Plazzotta's animated stillness in bronze

"I'm calmer now." As we stroll among the bronzes in his elegant slant-ceilinged Chelsea studio, scultor Enzo Plazzota reflects on his career. He pauses before a rugged torso from an earlier period. "Movement is more sensational," he says, "but the calmness of a sculpture in repose . . ." -- gesturing to a recent life-size standing figure -- "somehow you live with that."

Mr. Plazzotta, whose work is on exhibition at New York's Wildenstein Gallery from Feb. 5 to March 7, has earned his calmness. Michelangelo and Rodin figure in his conversation. In an age when sculpture includes tree stumps, old rope, and welded car parts, he has clung to bronze. Through the years of the cubist and futurist legacy -- the excitements of pop art, op art, and minimal art -- he has kept his eye on classical renderings of the human form. Even his technique is traditional: Shunning clay and plasticene, he is one of the few who still model in wax. "It's got a magic to it," he says, almost reverently.

His work has gone, roughly, through three stages -- although the development has not been strictly chronological. "L'Arrivee" (1965) is an armless and agonized male body, resembling a runner about to stumble from exhaustion. "Implosion III" (1969), a contorted torso, looks like something hacked from hard rubber with a dull ax. Both are powerful, tense.

This sense of movement next took him into a study of dancers. It resulted, in the early 1970s, in a melding of that earlier rough-cast energy with the grace and elan of ballet. With studies of Margot Fonteyn, Rudolf Nureyev, Antoinette Sibley, and Anthony Dowell, and more recently, david Wall and Ivan Nagy, he has challenged the stability of bronze, capturing an instant of stillness amid motion ("Sur les Pointes," 1975) and freezing energy in midair ("Jetee," 1975).

He now favors dancers at rest and still figures. The serenity of simple moments dominates, as in some of his beautiful formed and suprisingly unsensual nudes -- and, in a different way, in several heads of jesus.

The result is a studied ability to compose forms which, saying little, simply are themselves. What sort of comment does this formal, classical work make on the world? Mr. Plazzotta, his benign North Italian features flickering into a smile, shrugs. "It is fruitless to become a messenger of a creed," he says. Recalling some earlier tortured studies named "Hiroshima" and "Warriors," he remembers that "i did go through a period when I wanted to make a comment." But even Picasso's "Guernica," he notes, hasn't changed the world. He now feels there is "no answer in terms of giving a direct pronouncement through one's work."

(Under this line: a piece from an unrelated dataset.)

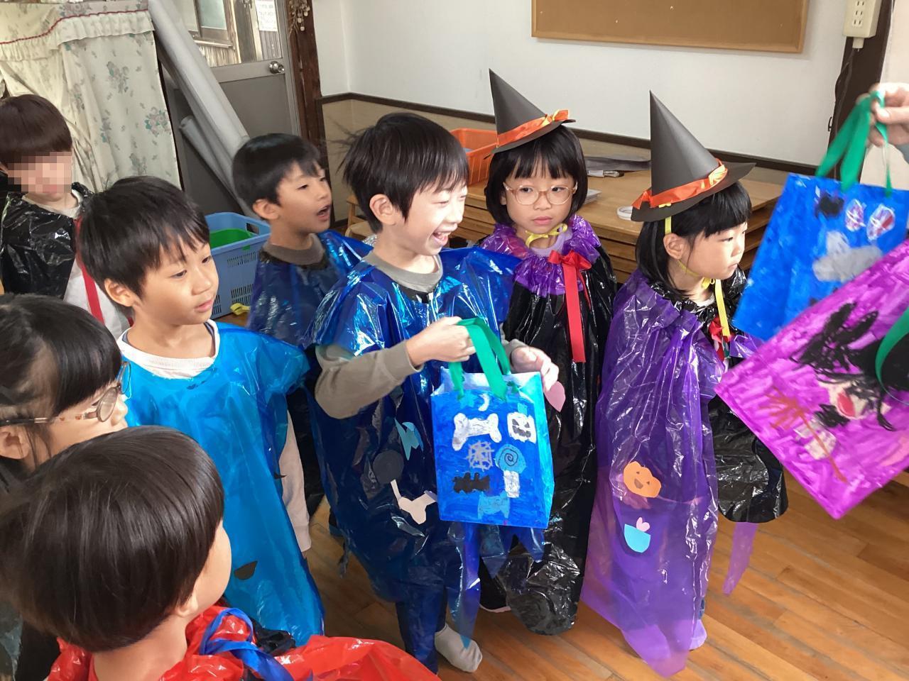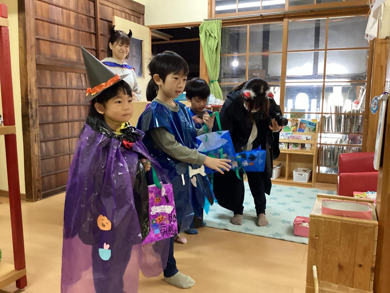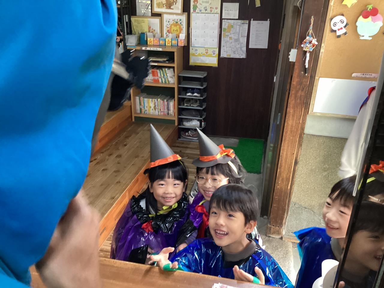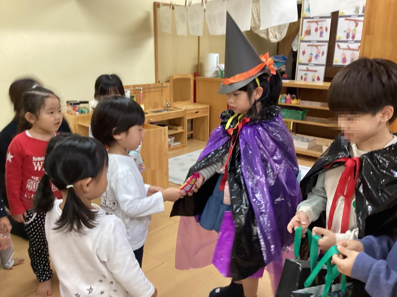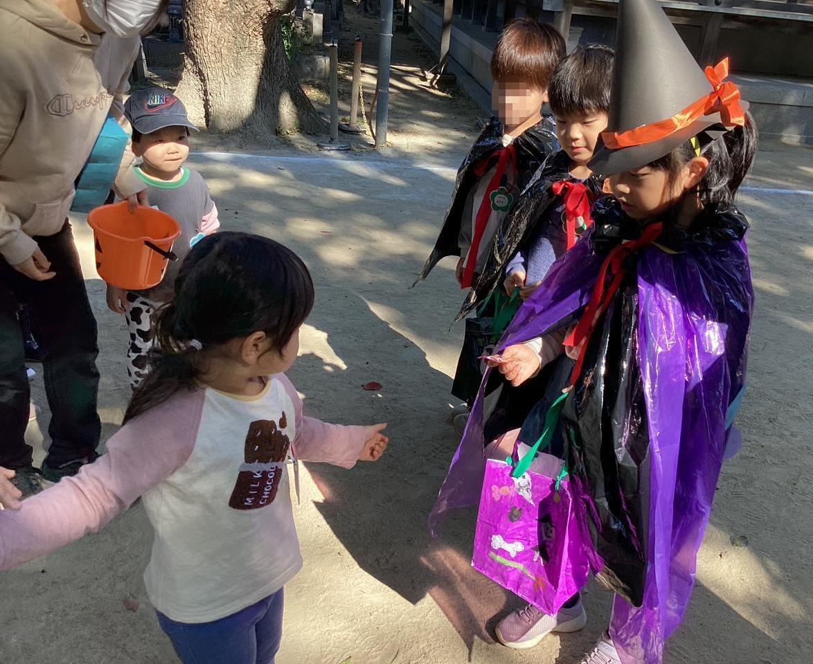 突然の事でビックリしながらも先生から促されてオバケちゃん達にお菓子を渡してくれていました。中には自分のお兄ちゃん、お姉ちゃんを見つけてニッコリ笑顔のお友達もいました☺️

His philosophy sets him at right angles to many recent artistic thinkers -- yet brings him parallel to some others. As W. H. Auden said in his masterful elegy on William Butler Yeats, "Poetry makes nothing happen. It survives." It was a lesson that Yeats, who longed to reform Ireland through words, spent many years learning. In the end, he might well have agreed with Mr. Plazzotta's goal: "Simply to be true to onself and describe life as one sees it."